Lange Reise vor dem schnellen Auftritt

Reifen für trockene Bedingungen werden dagegen direkt nach ihrer Herstellung in Tokyo zu ihren Einsatzorten überall auf der Welt geflogen. Bei den europäischen Rennen der Formel 1 werden zunächst alle Pneus per Flugzeug zum Londoner Flughafen Heathrow gebracht. Anschließend werden sie jeweils am Mittwoch vor einem Rennwochenende per LKW von der Formel-1-Basis Bridgestones in Langley zur Strecke transportiert. Andernfalls wird das "schwarze Gold" direkt zu einem Flughafen in der Nähe des jeweiligen Kurses geflogen.

"Wir fertigen für jedes Rennen und jeden Test spezifische Reifen." Peter Grzelinski

Der Transport der richtigen Anzahl Reifen der ausgewählten Mischungen und Konstruktionen an die jeweilige Strecke kurz vor dem Grand Prix ist für den japanischen Reifenhersteller bereits eine große Herausforderung, bevor das Rennen überhaupt gestartet ist: "Wir haben einen sehr eng gesteckten Zeitplan", erläutert Peter Grzelinski, Servicemanager bei Bridgestone. "Wir fertigen für jedes Rennen und jeden Test spezifische Reifen, deshalb ist die Logistik, um die richtige Menge Reifen an die richtigen Orte zu liefern, eine echte Herausforderung."
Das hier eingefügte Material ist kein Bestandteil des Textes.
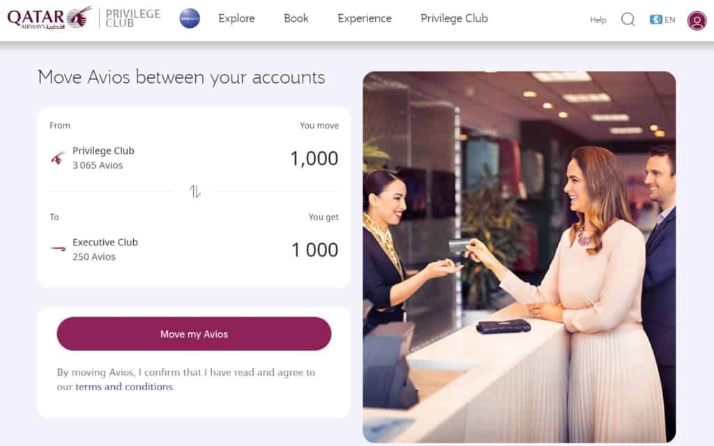 Los Avios acumulados en Qatar Airways Privilege Club sólo son transferibles a British Airways Executive Club desde donde podrán transferirse a otros programas de Avios.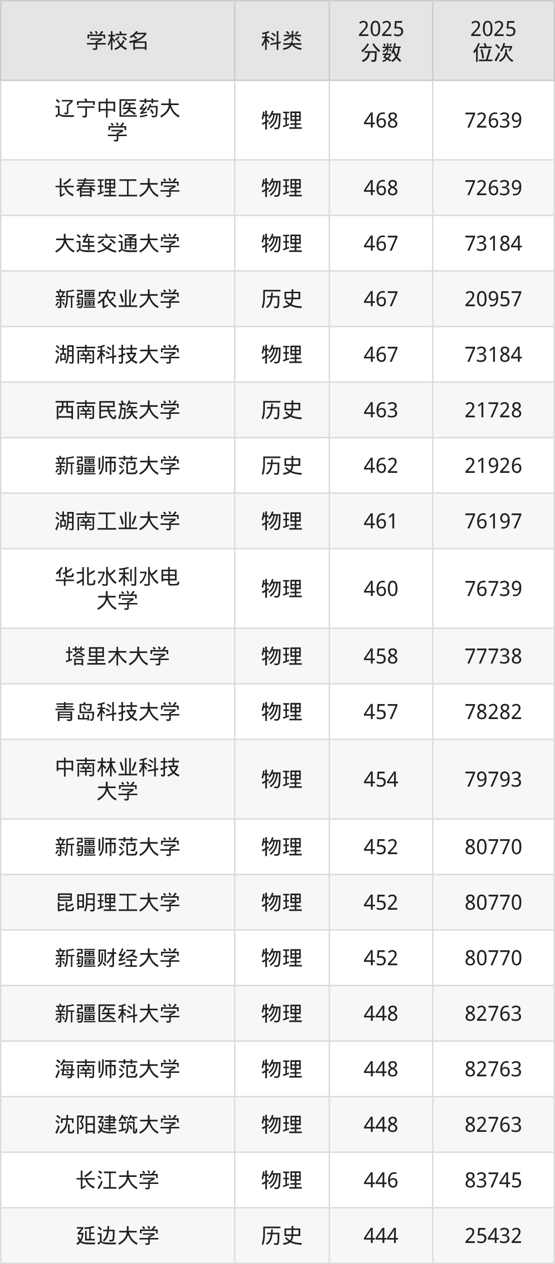 以辽宁物理类为例,468分能上的一本大学有青岛科技大学(位次排名78282名)、中南林业科技大学(位次排名79793名)、昆明理工大学(位次排名80770名)。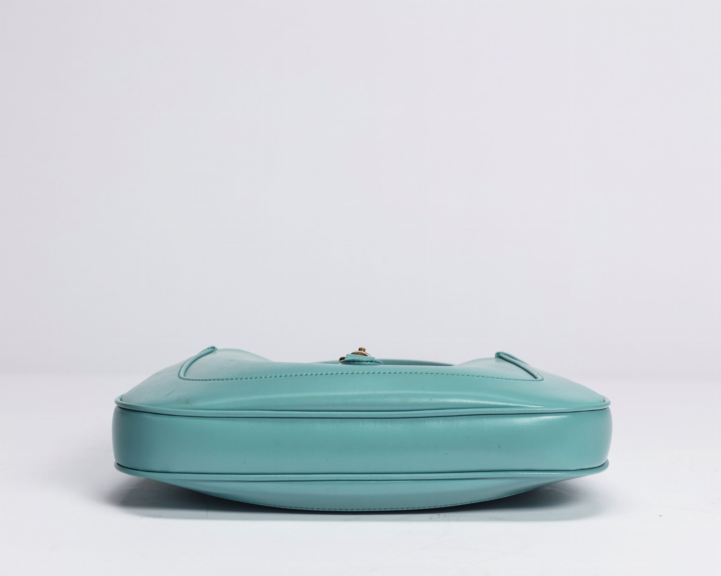 in pelle color azzurro, tracolla allungabile, dettagli in metallo dorato, chiusura a pistone, interno in suede color beige, cm 28, con sacchetto (difetti)

Verschrottung nach getaner Arbeit

Wenn die Pneus im Fahrerlager der Formel 1 ankommen, machen sich zehn Reifentechniker von Bridgestone an die Vorbereitung der Gummis, bevor diese dann in den Trainingssitzungen, dem Qualifying und schließlich dem Rennen jeweils ihren großen, aber sehr kurzen Auftritt haben und eine entscheidende Rolle beim Erfolg oder Misserfolg von Fahrern und Teams spielen.
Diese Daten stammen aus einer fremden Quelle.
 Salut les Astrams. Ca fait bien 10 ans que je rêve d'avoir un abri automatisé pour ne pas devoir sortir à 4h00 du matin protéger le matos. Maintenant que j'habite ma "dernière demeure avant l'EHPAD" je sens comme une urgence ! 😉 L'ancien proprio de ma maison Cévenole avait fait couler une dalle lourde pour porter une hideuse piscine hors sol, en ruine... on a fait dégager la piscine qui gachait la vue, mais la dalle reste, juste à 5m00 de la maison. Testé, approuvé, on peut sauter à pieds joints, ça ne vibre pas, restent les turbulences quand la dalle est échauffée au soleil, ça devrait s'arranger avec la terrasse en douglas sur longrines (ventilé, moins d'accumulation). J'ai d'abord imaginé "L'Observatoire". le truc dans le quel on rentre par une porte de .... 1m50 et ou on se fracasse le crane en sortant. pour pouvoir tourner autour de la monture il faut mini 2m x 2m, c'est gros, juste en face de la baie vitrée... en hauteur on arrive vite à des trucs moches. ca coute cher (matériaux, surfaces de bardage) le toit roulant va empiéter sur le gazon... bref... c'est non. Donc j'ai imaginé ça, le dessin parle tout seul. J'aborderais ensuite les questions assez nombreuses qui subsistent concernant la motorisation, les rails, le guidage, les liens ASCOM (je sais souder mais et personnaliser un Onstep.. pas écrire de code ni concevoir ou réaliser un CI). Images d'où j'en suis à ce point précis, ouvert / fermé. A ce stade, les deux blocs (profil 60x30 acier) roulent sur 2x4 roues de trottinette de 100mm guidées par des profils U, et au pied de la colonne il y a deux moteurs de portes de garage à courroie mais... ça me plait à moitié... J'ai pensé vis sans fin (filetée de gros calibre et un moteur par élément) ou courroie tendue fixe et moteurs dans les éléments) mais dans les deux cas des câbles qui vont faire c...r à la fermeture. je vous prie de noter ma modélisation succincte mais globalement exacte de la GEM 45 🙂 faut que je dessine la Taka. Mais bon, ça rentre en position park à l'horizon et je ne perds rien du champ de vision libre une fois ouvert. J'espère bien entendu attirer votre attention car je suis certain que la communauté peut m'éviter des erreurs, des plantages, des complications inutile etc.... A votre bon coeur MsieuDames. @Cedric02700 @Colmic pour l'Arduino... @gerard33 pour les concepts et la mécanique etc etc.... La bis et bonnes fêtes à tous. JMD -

Nach einem Grand Prix neigt sich das Leben eines Reifens dann dem Ende zu. Um einen Wissenstransfer zur Konkurrenz zu vermeiden, werden alle Pneus, unabhängig davon, ob sie verwendet oder eventuell bei einem Unfall beschädigt wurden, von Bridgestone nach dem Rennen wieder eingesammelt und per Schiff zurück nach Großbritannien gebracht, wo sie anschließend entsorgt werden.